Records excerpted from a collection
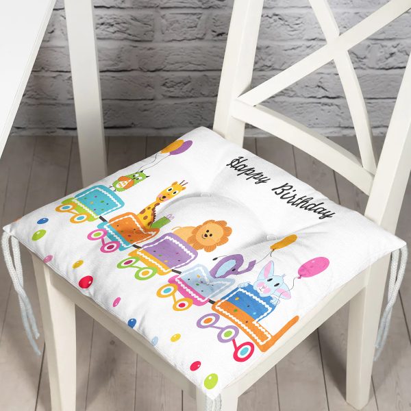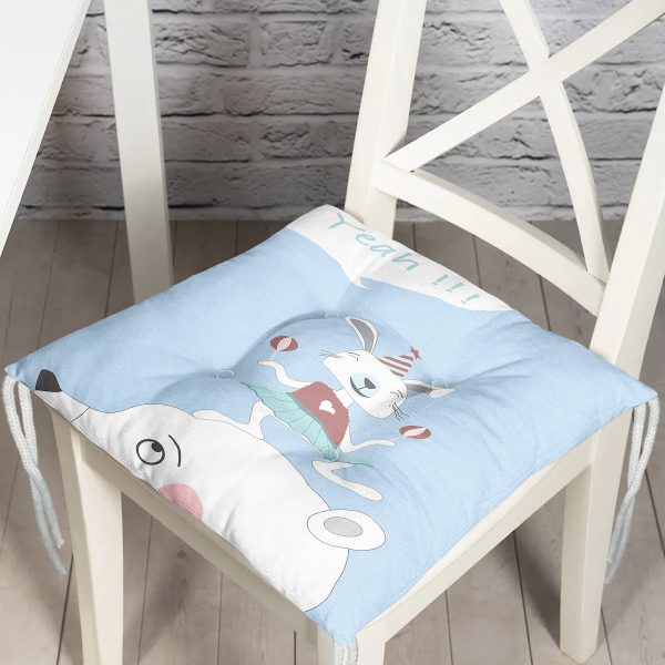 Realhomes Sevimli Hayvanlar Çizimli Özel Tasarım Dijital Baskılı Modern Pofuduk Sandalye Minderi
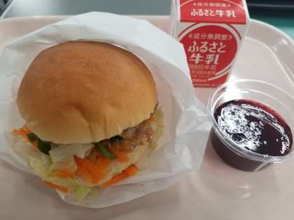 変えて、ハンバーガーの献立です。まだ簡易給食が続きます
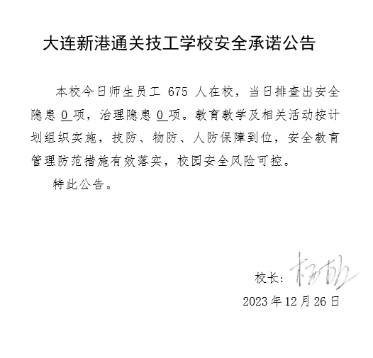 大连新港通关技工学校安全通告(2023年12月26日)
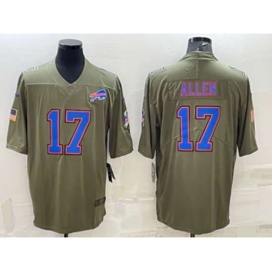 >Men's Buffalo Bills #17 Josh Allen Olive Salute To Service Limited Stitched Jersey
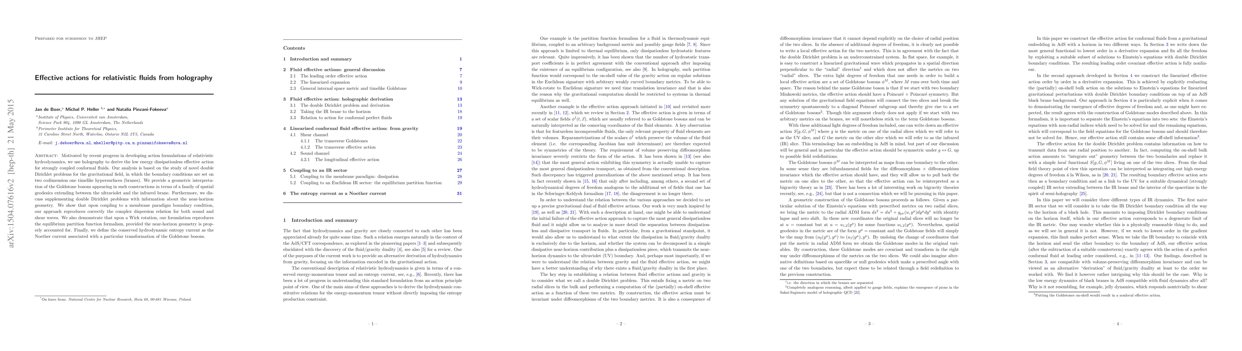 Motivated by recent progress in developing action formulations of relativistic hydrodynamics, we use holography to derive the low energy dissipationless effective action for strongly coupled conformal fluids. Our analysis is based on the study of novel double Dirichlet problems for the gravitational field, in which the boundary conditions are set on two codimension one timelike hypersurfaces (branes). We provide a geometric interpretation of the Goldstone bosons appearing in such constructions in terms of a family of spatial geodesics extending between the ultraviolet and the infrared brane. Furthermore, we discuss supplementing double Dirichlet problems with information about the near-horizon geometry. We show that upon coupling to a membrane paradigm boundary condition, our approach reproduces correctly the complex dispersion relation for both sound and shear waves. We also demonstrate that upon a Wick rotation, our formulation reproduces the equilibrium partition function formalism, provided the near-horizon geometry is properly accounted for. Finally, we define the conserved hydrodynamic entropy current as the Noether current associated with a particular transformation of the Goldstone bosons.
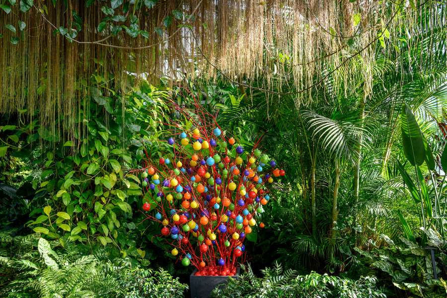Las figuras de la naturaleza también están representadas en la entrada del Conservatorio Este, con un fascinante contorno en capas a base de conos de pino rodeados de coronas y guirnaldas. No faltan elegantes cristales en forma de lágrima que gotean sobre el árbol de Navidad en el Ballroom, o círculos en forma de bolas de vidrio suspendidas en la Terraza Tropical.

Assignment:
Your answer is the exact run of lines above from the one with "大连新港通关技工学校安全通告(2023年12月26日)" through the one with "Limited Stitched Jersey", both ends included, minus any picture.

Solved exercise:
 大连新港通关技工学校安全通告(2023年12月26日)
 >Men's Buffalo Bills #17 Josh Allen Olive Salute To Service Limited Stitched Jersey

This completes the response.